Network Connectivity

Once we knew where our data lake would be hosted we started looking at the AWS setup and how we might connect to our EC2 instances and S3 buckets from our offices and data-centres. We needed something that was performant but also secure. Below are the two options that were available to us.

1. Lan2Lan VPN.

This provides a secure tunnel from your corporate network to your AWS VPC which essentially makes it an extension of your internal network. The traffic goes over the Internet to get to AWS but it’s encrypted. If you’re connecting to an S3 bucket, you connect via a public IP address, so to force this traffic through your VPN, you’re going to need to include almost all Amazon IP’s in the ranges you send down the tunnel. This will likely include traffic to Amazon.com so this is something to consider.

Amazon VPN to VPC example

2. Direct Connect.

AWS Direct Connect is a direct link into an AWS Data-Centre. If your servers are in an AWS Direct Connect Location you can private link into the AWS cloud. Traffic leaving your data-centre will never go out onto the public Internet. Instead, traffic will stay on your Direct Connect providers network until it reaches an AWS data-centre. This means you know exactly how much bandwidth you can have and can also get a very good idea on the latency of traffic going to any services running in AWS.

Amazon Direct Connection VPC example

Setting up the VPN

We already had multiple Lan2Lan VPN connections setup so to start we went with a L2L VPN to Amazon. This meant we could get up and running very quickly from a network connectivity point of view. The L2L VPN’s were planned to be a temporary solution while we negotiated with suppliers for a ‘Direct Connect’.

Setting up the VPN was straightforward once you get your head around how it works.

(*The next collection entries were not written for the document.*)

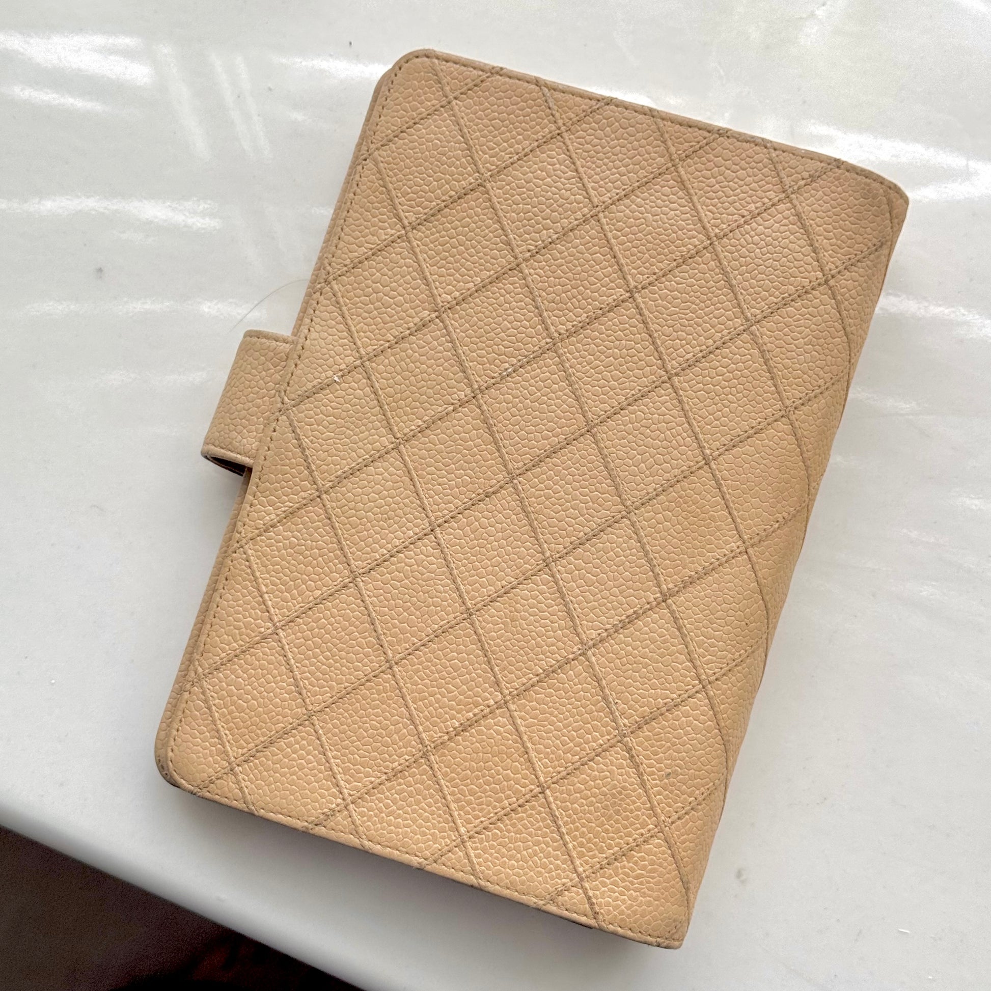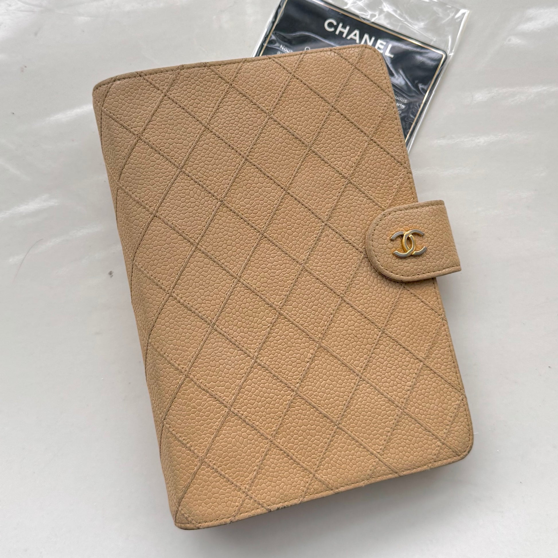 Chanel Matrasse Quilted Beige MM Agenda Cover Planner Notebook Cover - Pre-owned
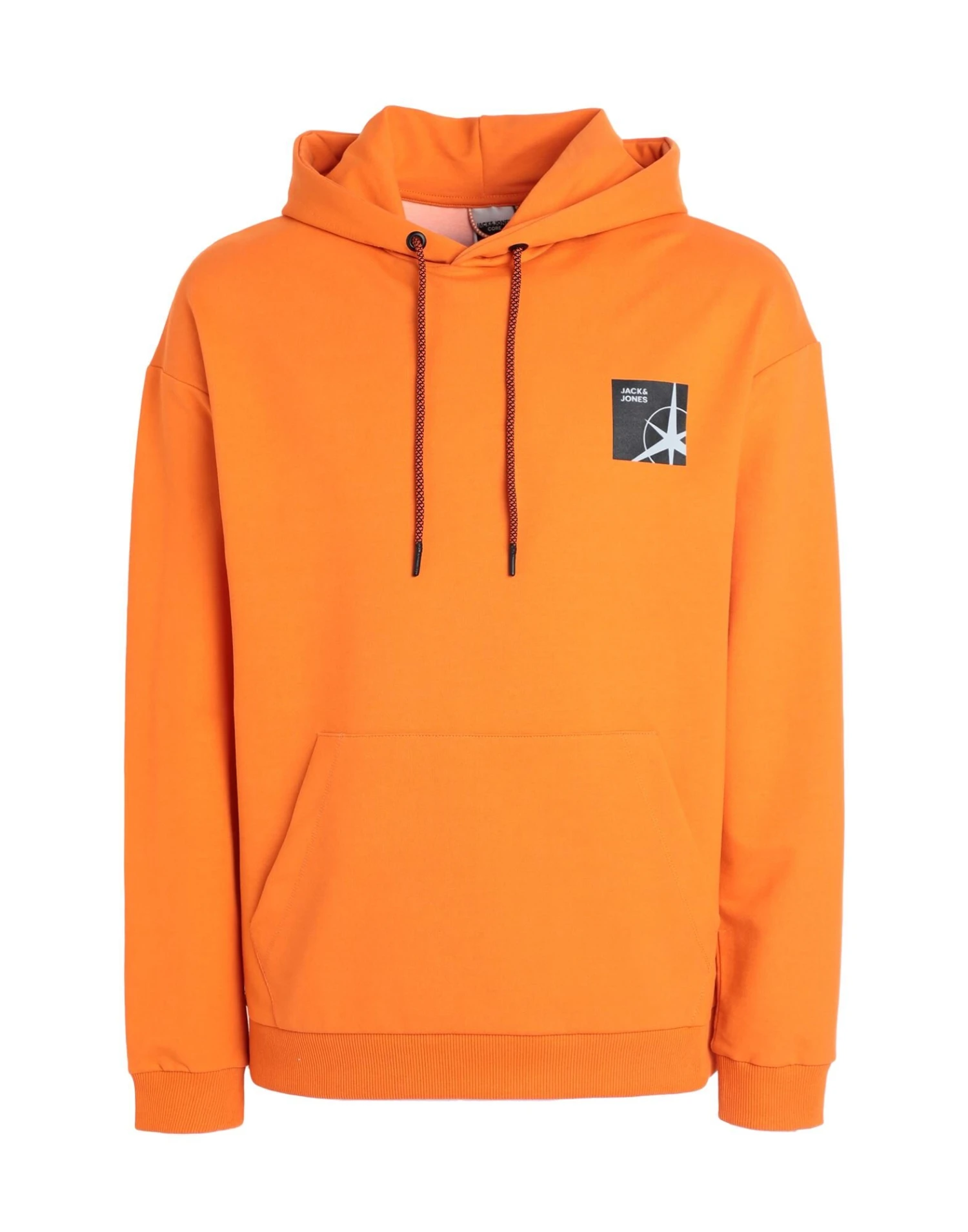 sweatshirt fleece, brand logo, solid color with print, hooded collar, long sleeves, ribbed cuffs, french terry lining, single pocket, stretch
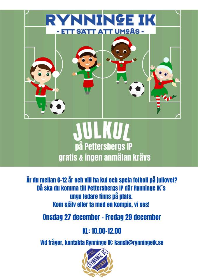 Snart är det Jullov! 🎄 Det betyder att alla barn i åldern 6-12 år är välkomna på Julkul på Pettersbergs IP. Onsdag 27- fredag 29 december kl.10.00-12.00 får du spela fotboll och ha kul tillsammans med Rynninge IK´s unga ledare. Det är gratis och vi bjuder på mellils. Hoppas vi ses! God jul till er alla Önskar Styrelsen P-12 20 dec 2023 0kommentarer
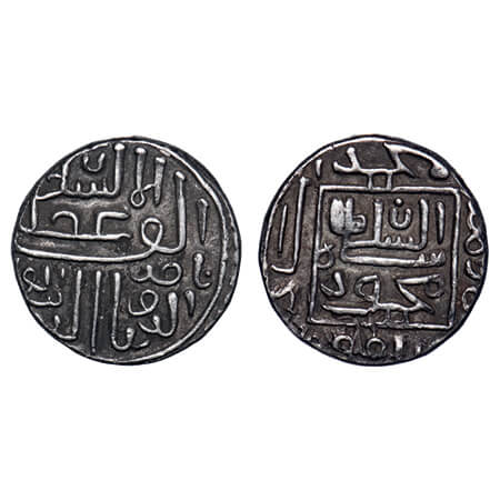 Gujarat Sultanate, Silver Tanka, 10.50g, (96 rati standard), Ghiyath Al Din Ahmad III (AH 961-968 / 1553-1560 AD), Mintless, Al Mutasim type, AH 961, legends in double peaked square on reverse. G&G G513. Very Fine, Scarce.
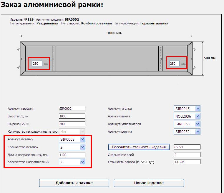 Далее необходимо ввести длину направляющих и общее количество направляющих в изделии(это количество не умножается на количество заказанных рамок, а задается отдельно, как правило, это значение кратно либо равно двум: верхняя и нижняя направляющие). Артикул ролика в заказе установлен по умолчанию, также по умолчанию фрезеруется расстояние под ролики (около 100 мм от края).
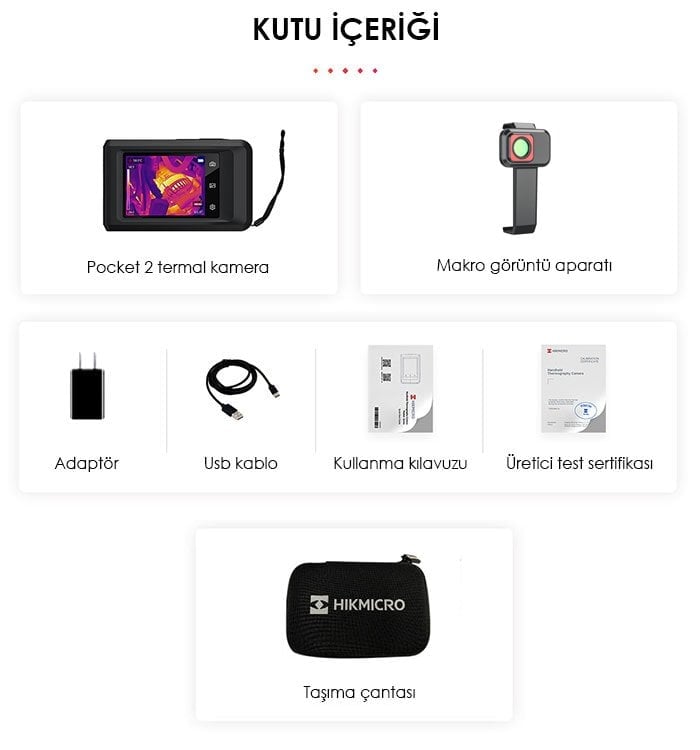 Ürün; HIKMICRO Pocket2 termal kamera ve HM-P201-MACRO makro lens aparatı ile birlikte teslim edilir. Kutu içeriği partiye göre değişiklik gösterebilir.
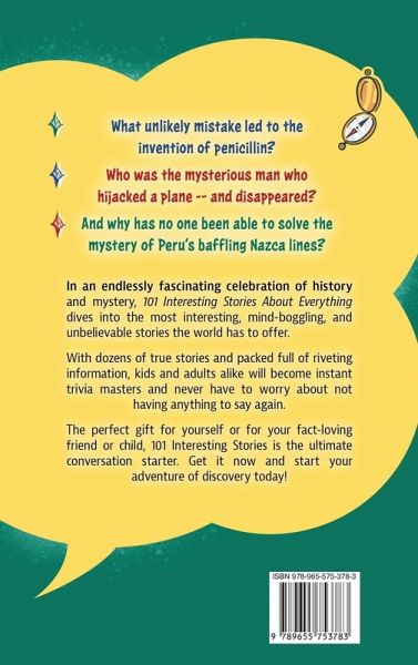 What unlikely mistake led to the invention of penicillin? Who was the mysterious man who hijacked a plane - and disappeared? Which lucky cat survived not one, but two shipwrecks? And why has no one been able to solve the mystery of Peru's baffling Nazca lines? In an endlessly fascinating celebration of history and mystery, 101 Interesting Stories About Everything dives into the most interesting, mind-boggling, and unbelievable stories the world has to offer. From phenomenal people and memorable mysteries to delightful discoveries and medical marvels, prepare to have your mind blown by tales of courage, luck, magic, and miracles. With dozens of true stories and packed full of riveting information, kids and adults alike will become instant trivia masters and never have to worry about not having anything to say again. The perfect gift for yourself or for your fact-loving friend or child, 101 Interesting Stories is the ultimate conversation starter. Get it now and start your adventure of discovery today!
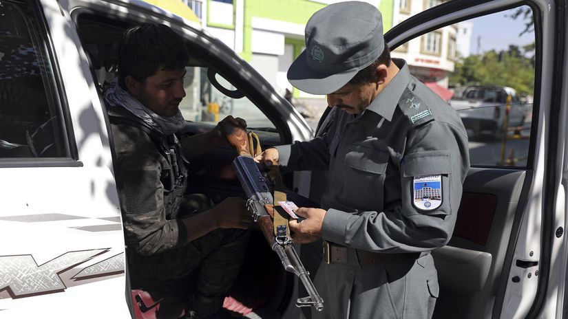 Príslušník afganských bezpečnostných zložiek kontroluje zbraň na kontrolnom stanovišti v okolí Zelenej zóny, v ktorej sa nachádzajú zahraničné veľvyslanectvá v Kábule.
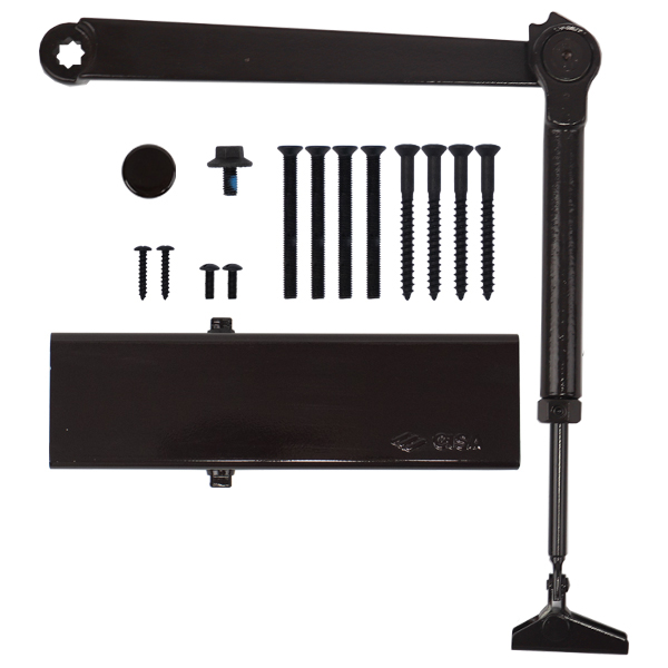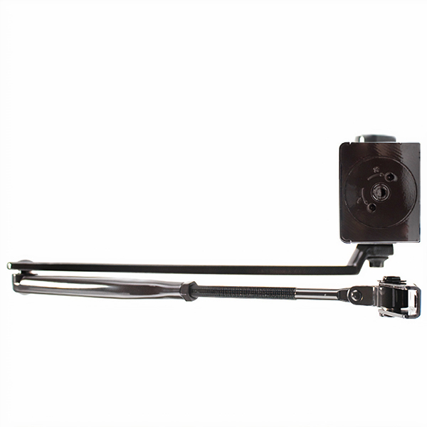 Также в данной модели сила закрывания EN 2-6 регулируется вращением винта на боковой части корпуса. В данной комплектации присутствует стандартная тяга с фиксацией дверного полотна в открытом положении до 130°. Это дает возможность оставить дверь открытой для проветривания или удобства пользования в коммерческих помещениях.

Here’s some Amazon terminology you’ll need to know when you’re setting your VPN up:

  • Customer Gateway: This refers to the VPN device on your network.

  • Virtual Private Gateway (VPG): Think of this as the router for your VPC.

  • VPN Connection: This is where you enter the config for the VPN. You set the customer gateway and VPG and the VPN connection is initiated. You also need to specify whether you’re going to use static routes or BGP.

How do we maintain it?

As there is no physical kit for us to manage in AWS, it made sense to deploy and make changes to our VPC infrastructure as code. Terraform was recommended to us by a company we consulted about moving workloads into AWS. Terraform is a tool for building, changing, and versioning infrastructure. Terraform configuration files define your infrastructure. You edit these and then Terraform manages the API calls that need to be made to your cloud provider to push these changes to your environment. Terraform also seemed to be widely used when doing infrastructure as code in AWS. We’d had some experience of automated network config change with SolarWinds NPM, but that just pushed out the IOS code which we all understood as Network Engineers.

Here’s an example of setting a network as a variable and then referencing that variable in a routing table for a VPN connection in Terraform:

  1. Set the network as a variable

    variable "at_subnet_server_network" {
        default = "172.0.0.0/8"
    }
    
  2. Set that variable as a route on the VPN

    resource "aws_vpn_connection_route" "emr-dc2-cloudstack-dc1" {
        destination_cidr_block = "${var.at_subnet_server_network}"
        vpn_connection_id = "${aws_vpn_connection.emr-dc2.id}"
    }
    
  3. Set the route on the AWS VPC to send traffic for that network down the VPN

    route {
      cidr_block = "${var.at_subnet_server_network}"
      gateway_id = "${aws_vpn_gateway.emr.id}"
    }
    

Conclusion

Not all services benefit from being moved into a public cloud like AWS. From an infrastructure point of view though, a data lake is an ideal candidate. The ability to scale up and down on demand with cost being the only limiter for growth is a real bonus as it’s something we couldn’t do on-premise without a very large up-front cost.

Automating network changes and using version control is something we’re already starting to implement on our in-house networks after seeing the benefits of this while using Terraform and AWS. Managing our core infrastructure as code is something we are likely to implement in the future.